# Provided data
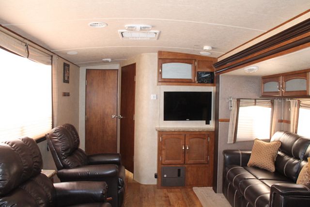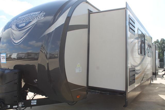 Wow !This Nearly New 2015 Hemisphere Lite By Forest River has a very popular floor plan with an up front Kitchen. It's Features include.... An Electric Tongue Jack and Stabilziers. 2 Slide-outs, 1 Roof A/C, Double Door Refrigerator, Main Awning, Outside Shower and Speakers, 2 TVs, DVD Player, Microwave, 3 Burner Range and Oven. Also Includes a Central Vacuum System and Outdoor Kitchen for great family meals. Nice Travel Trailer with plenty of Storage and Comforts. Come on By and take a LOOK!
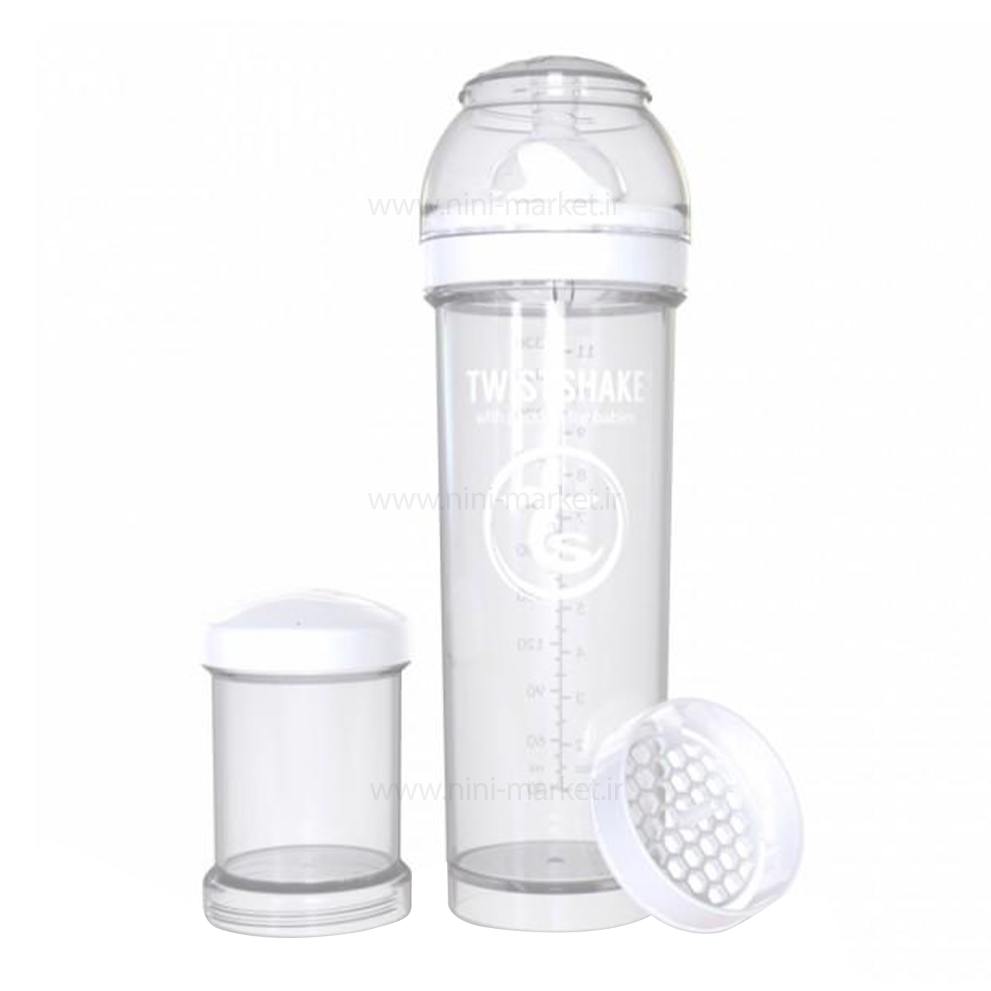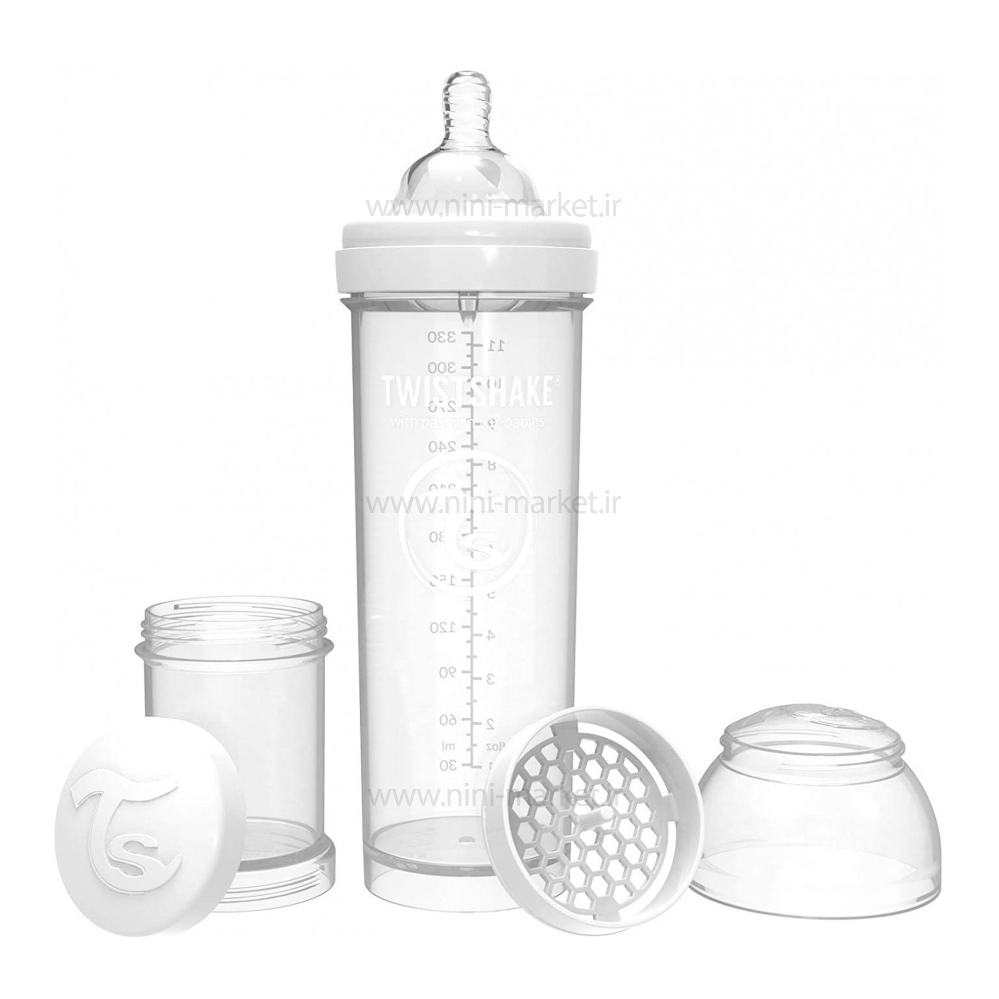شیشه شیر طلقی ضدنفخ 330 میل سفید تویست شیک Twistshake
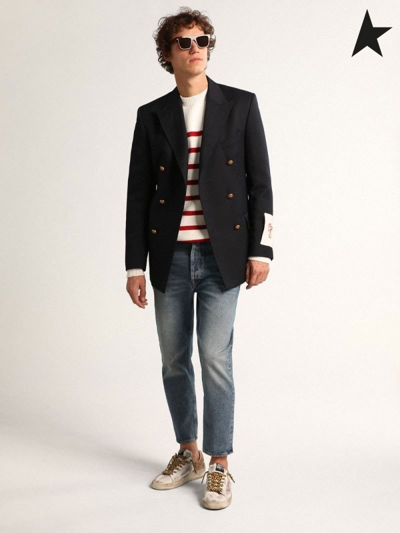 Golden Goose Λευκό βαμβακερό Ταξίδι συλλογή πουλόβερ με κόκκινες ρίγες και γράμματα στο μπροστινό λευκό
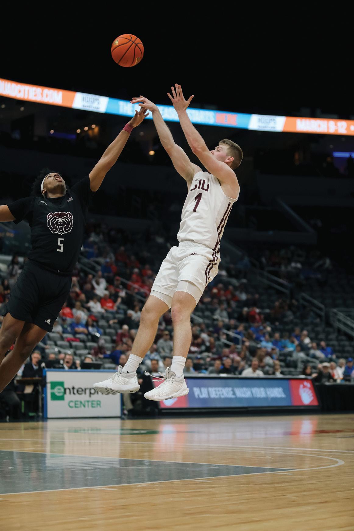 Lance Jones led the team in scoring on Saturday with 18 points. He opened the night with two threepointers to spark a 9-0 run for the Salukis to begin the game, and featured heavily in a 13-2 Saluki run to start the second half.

--

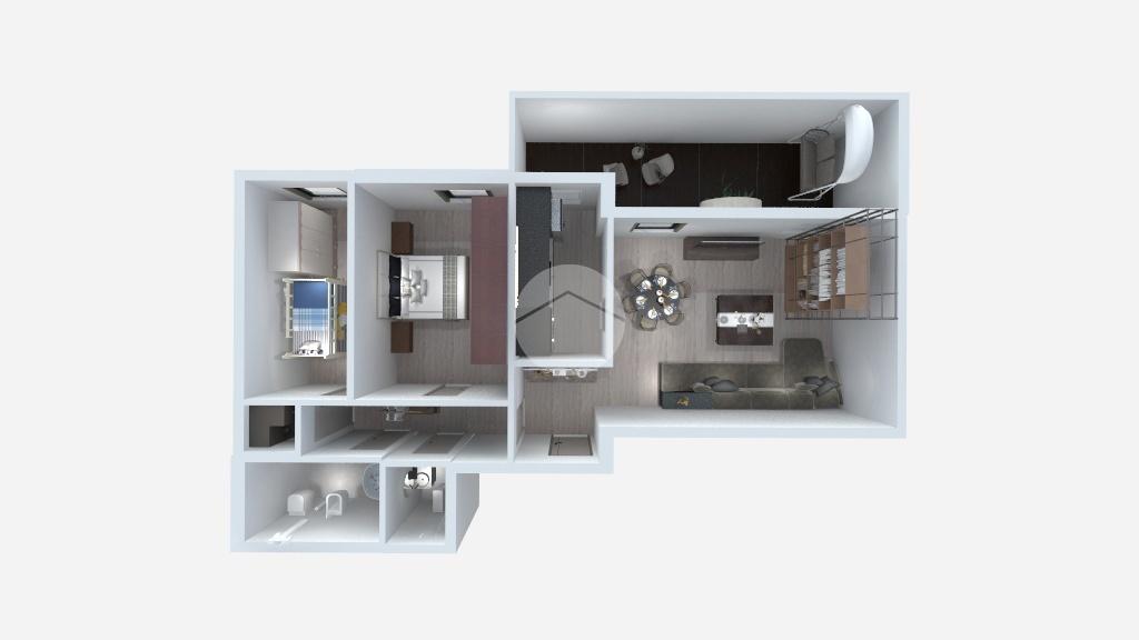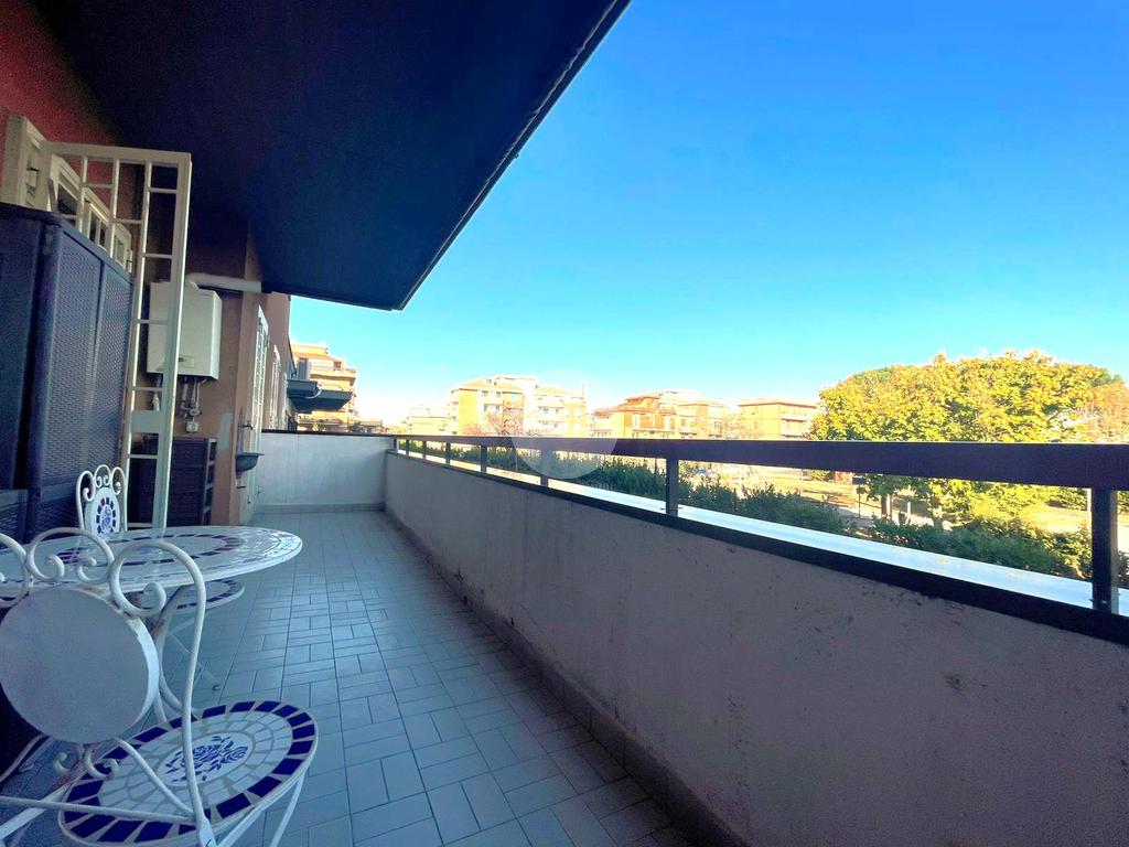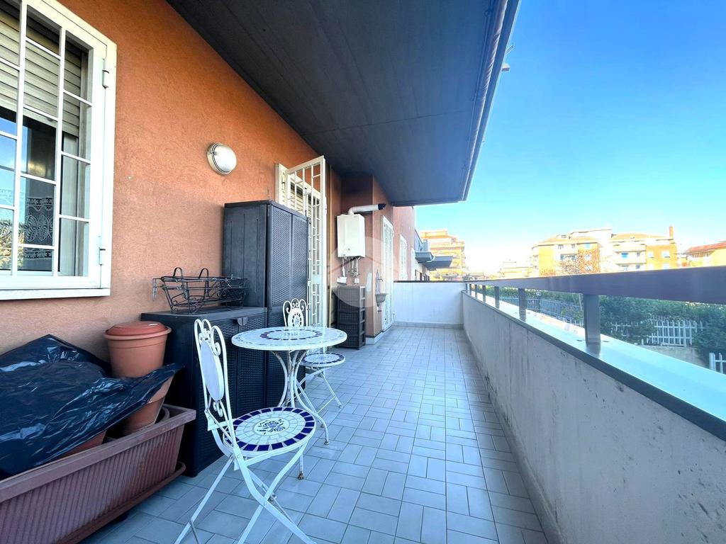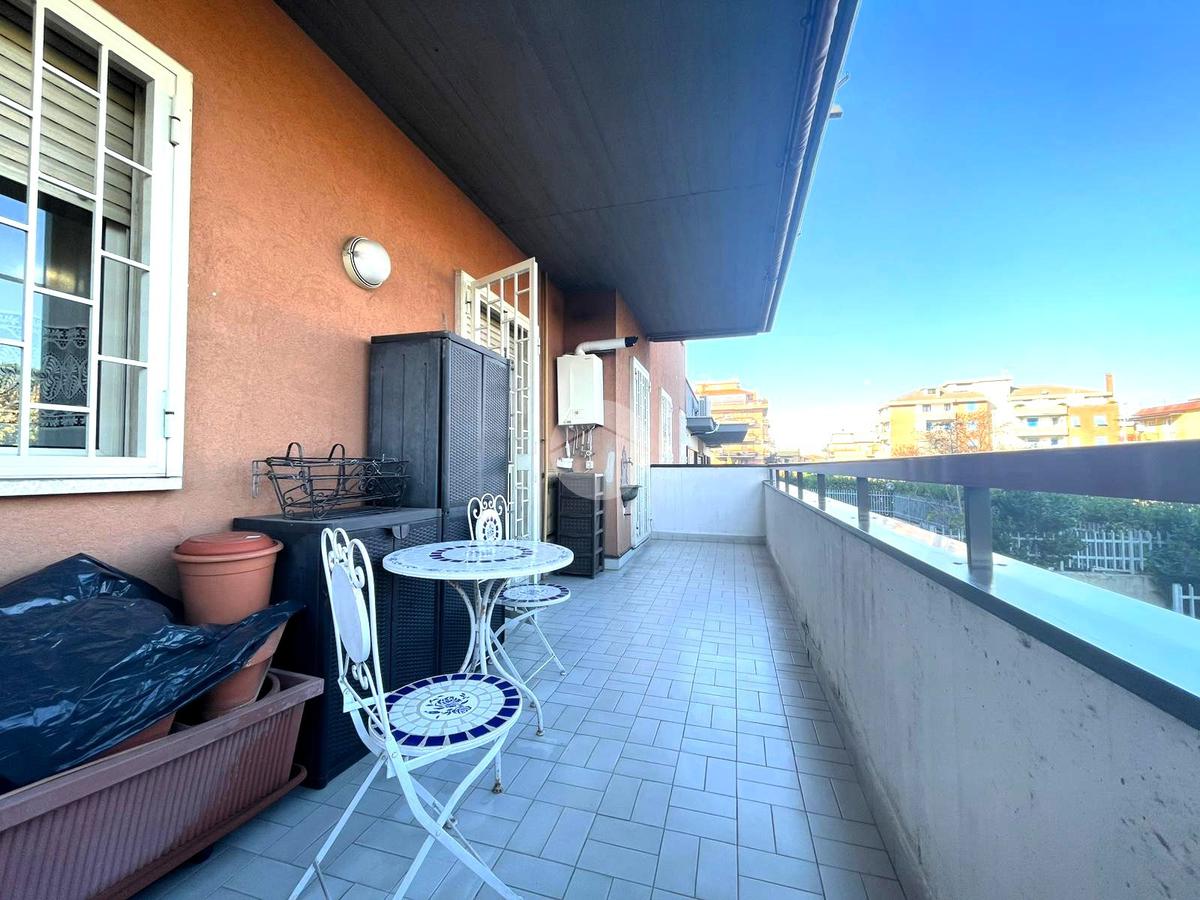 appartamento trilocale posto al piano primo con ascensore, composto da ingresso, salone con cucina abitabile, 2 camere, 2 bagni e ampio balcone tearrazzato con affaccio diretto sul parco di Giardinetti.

# Task statement
Using the records above, return verbatim only the part that opens with the line containing "Wow !This Nearly" and closes with the line containing "Lance Jones led"; pictures stay out.

# Reply to the exercise
 Wow !This Nearly New 2015 Hemisphere Lite By Forest River has a very popular floor plan with an up front Kitchen. It's Features include.... An Electric Tongue Jack and Stabilziers. 2 Slide-outs, 1 Roof A/C, Double Door Refrigerator, Main Awning, Outside Shower and Speakers, 2 TVs, DVD Player, Microwave, 3 Burner Range and Oven. Also Includes a Central Vacuum System and Outdoor Kitchen for great family meals. Nice Travel Trailer with plenty of Storage and Comforts. Come on By and take a LOOK!
شیشه شیر طلقی ضدنفخ 330 میل سفید تویست شیک Twistshake
 Golden Goose Λευκό βαμβακερό Ταξίδι συλλογή πουλόβερ με κόκκινες ρίγες και γράμματα στο μπροστινό λευκό
 Lance Jones led the team in scoring on Saturday with 18 points. He opened the night with two threepointers to spark a 9-0 run for the Salukis to begin the game, and featured heavily in a 13-2 Saluki run to start the second half.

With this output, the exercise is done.